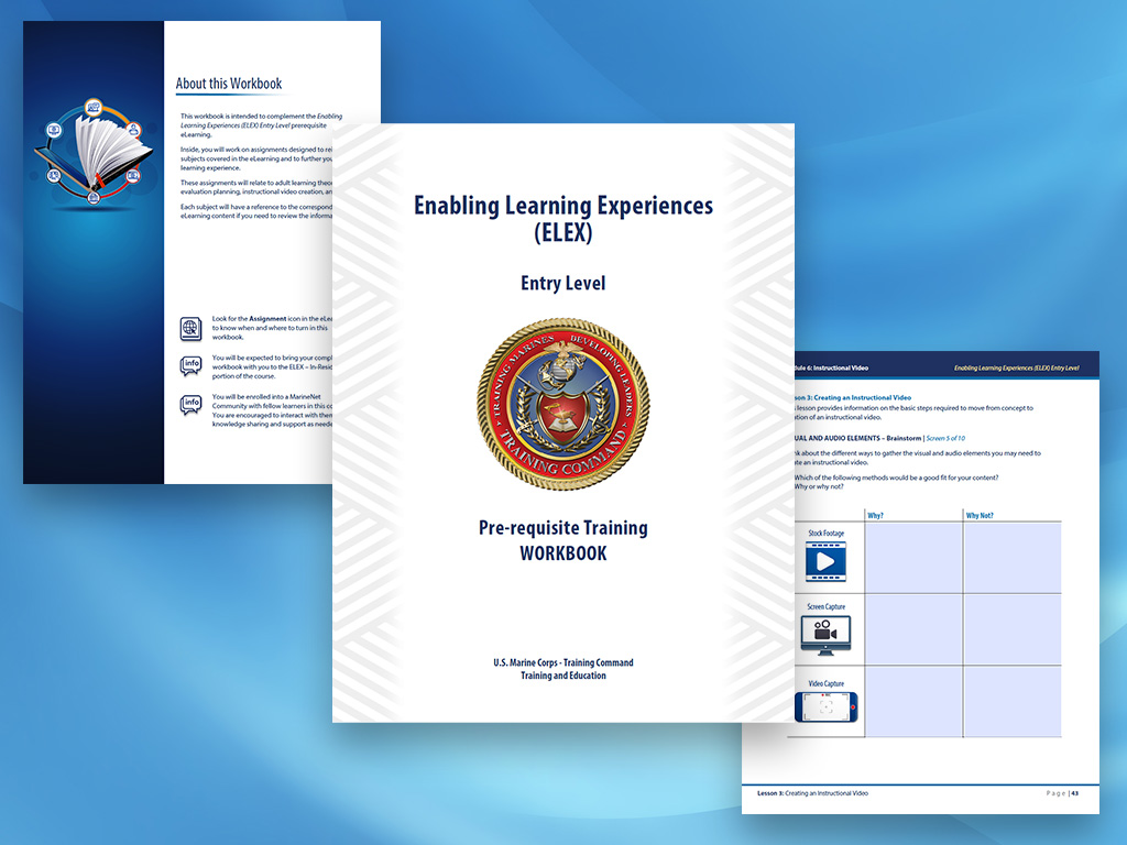 This Enabling Learning Experiences (ELEX) Moodle Training was designed and developed for the U.S. Marine Corps - Training Command. This web-based training and instructor-led training consists of two full courses. One developed called "Assessing" Learning Experiences (ALEX) and another called "Enabling" Learning Experiences (ELEX).
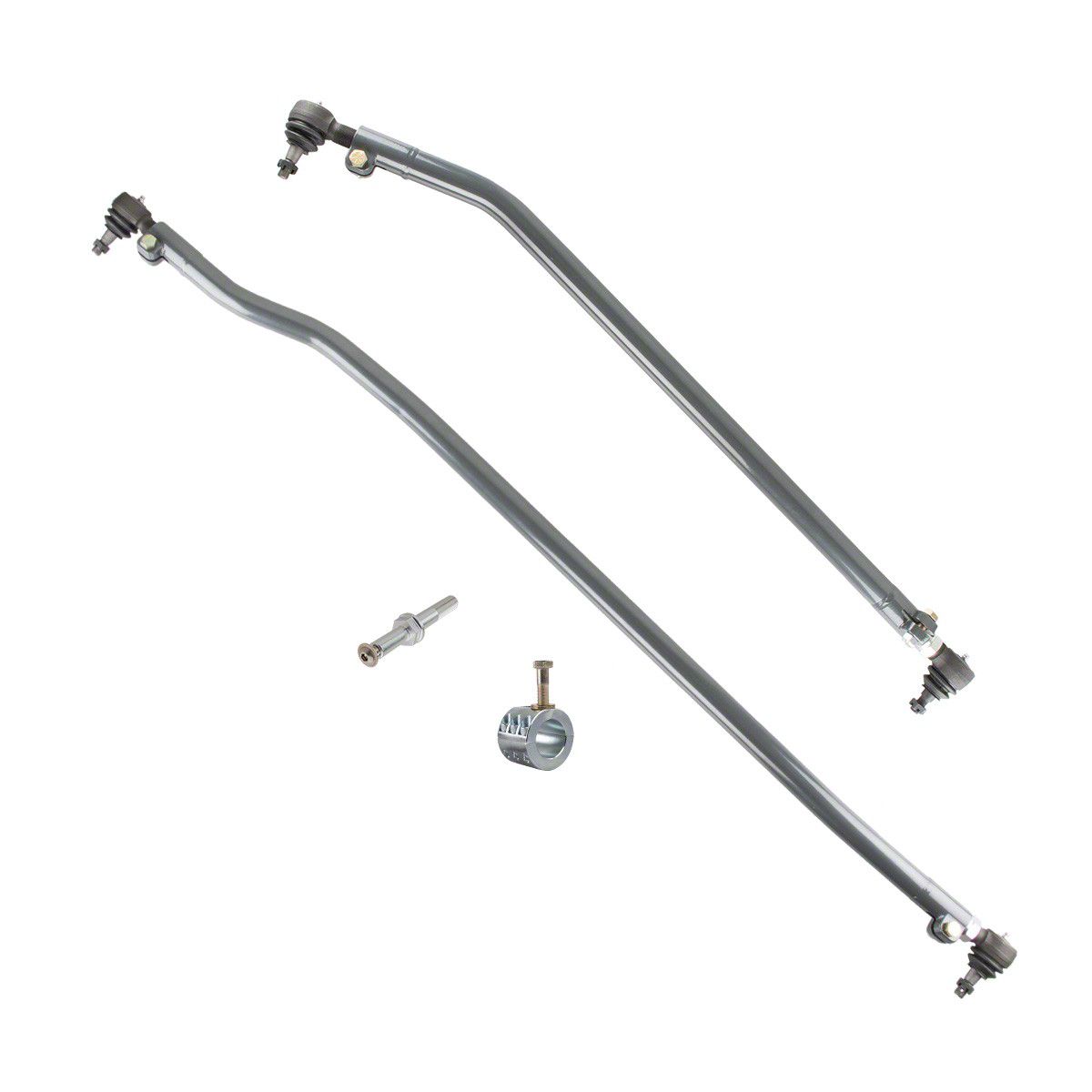 Construction and Appearance. This kit is built using CNC-formed 1.5-inch x .250 wall 1026 DOM tubing for the drag link and 1.5-inch x .188 wall heat-treated 4130 chromoly tubing for the tie rod, delivering exceptional toughness. It comes with Synergy's HD metal-on-metal tie rod ends that eliminate steering "flop" and ensure precise handling. Finished with an abrasion-resistant powder coat, the kit resists corrosion and heavy wear. Its robust design ensures long-lasting performance and a clean, aggressive look.
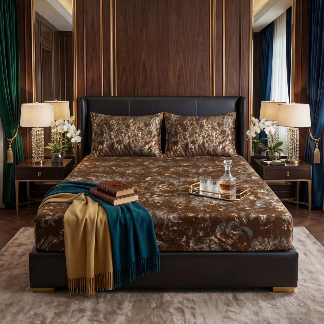 BROWN VELVET fitted bedsheet - (premium)
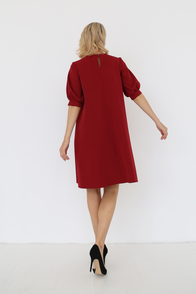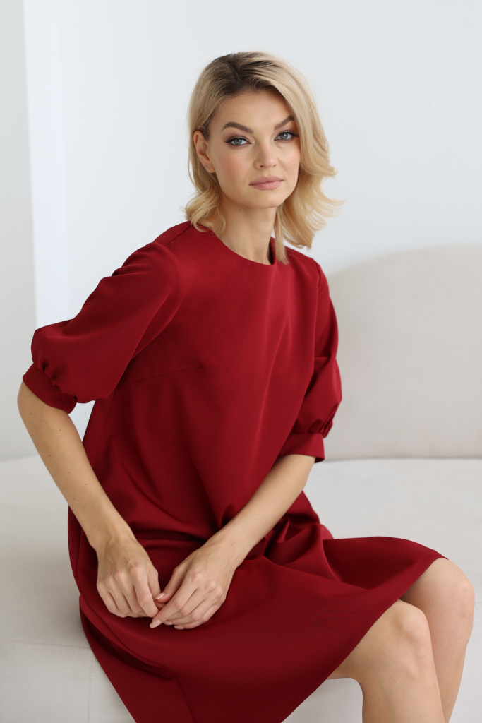 Платье широкого кроя с круглой горловиной, короткими рукавами-фонариками и вырезом-капелькой с застежкой на пуговицу на спинке изделия.
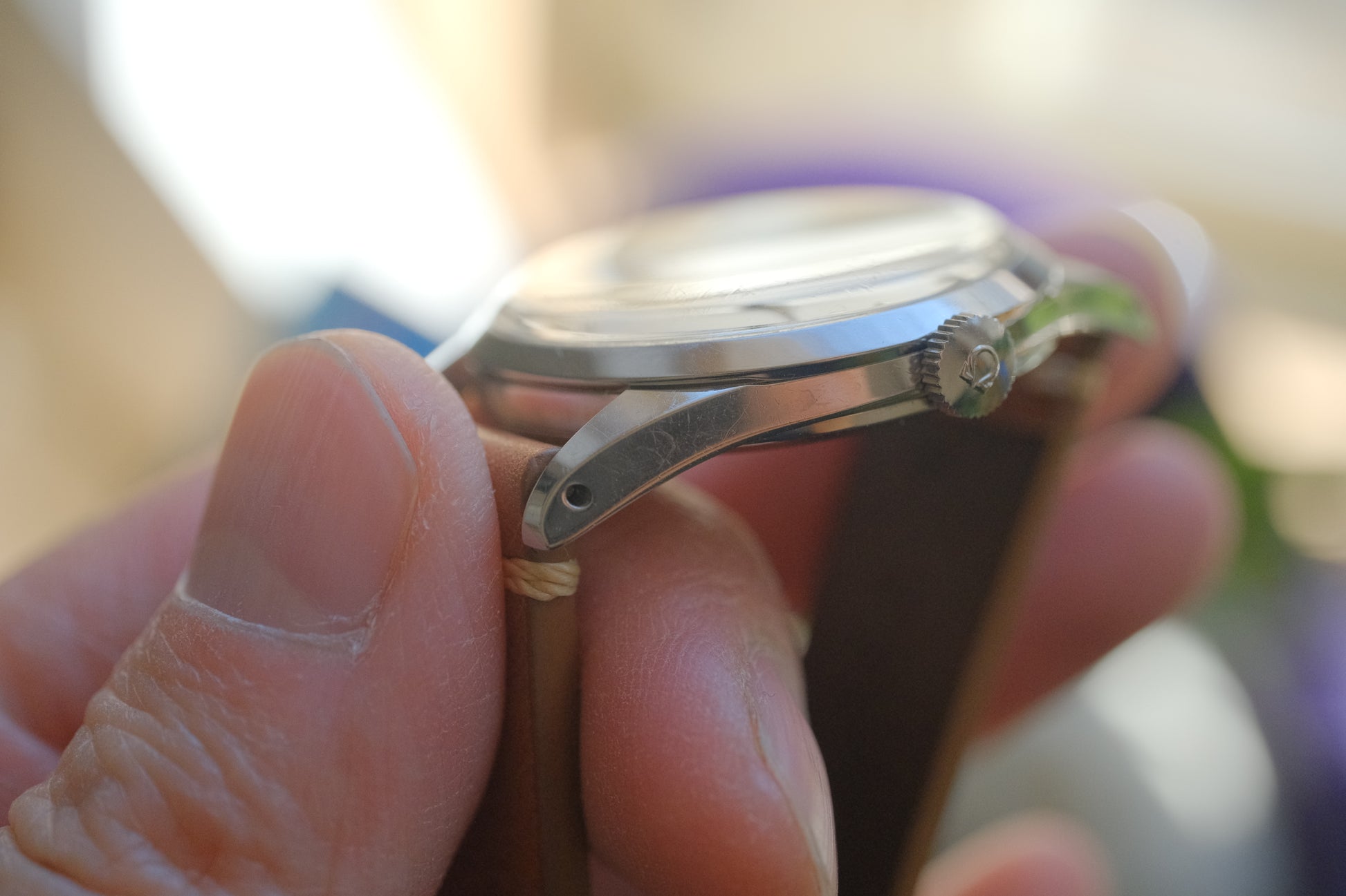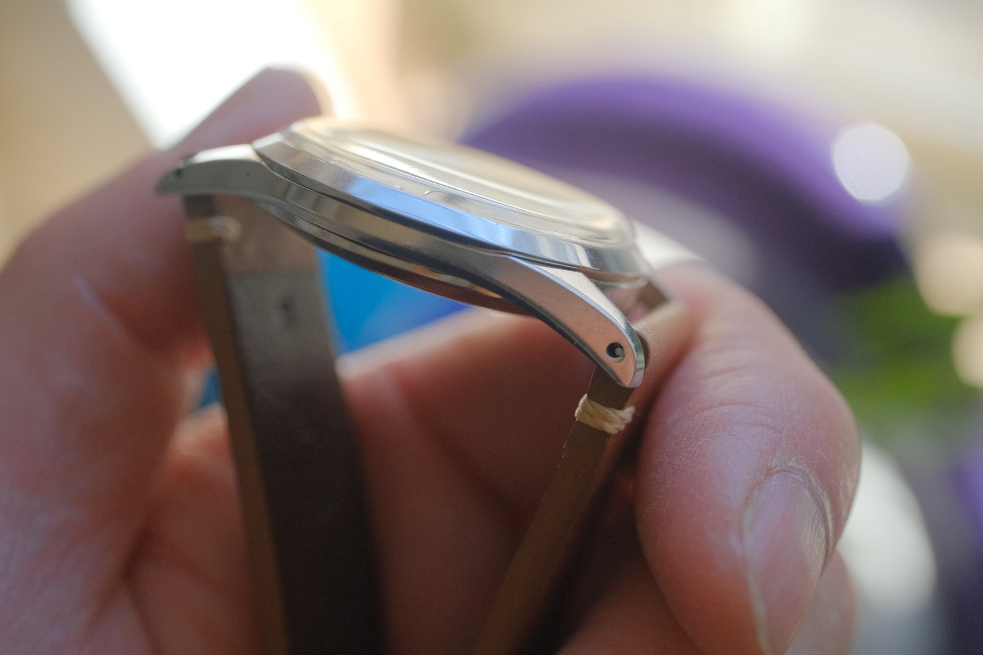 外周の9時〜10時位置にやや大きめのシミが見られますが、ヴィンテージらしい雰囲気を残したダイアルです。

--------------------

From the first line to the last, write out the data exactly, omitting any pictures.

### Answer section
 This Enabling Learning Experiences (ELEX) Moodle Training was designed and developed for the U.S. Marine Corps - Training Command. This web-based training and instructor-led training consists of two full courses. One developed called "Assessing" Learning Experiences (ALEX) and another called "Enabling" Learning Experiences (ELEX).
 Construction and Appearance. This kit is built using CNC-formed 1.5-inch x .250 wall 1026 DOM tubing for the drag link and 1.5-inch x .188 wall heat-treated 4130 chromoly tubing for the tie rod, delivering exceptional toughness. It comes with Synergy's HD metal-on-metal tie rod ends that eliminate steering "flop" and ensure precise handling. Finished with an abrasion-resistant powder coat, the kit resists corrosion and heavy wear. Its robust design ensures long-lasting performance and a clean, aggressive look.
 BROWN VELVET fitted bedsheet - (premium)
 Платье широкого кроя с круглой горловиной, короткими рукавами-фонариками и вырезом-капелькой с застежкой на пуговицу на спинке изделия.
 外周の9時〜10時位置にやや大きめのシミが見られますが、ヴィンテージらしい雰囲気を残したダイアルです。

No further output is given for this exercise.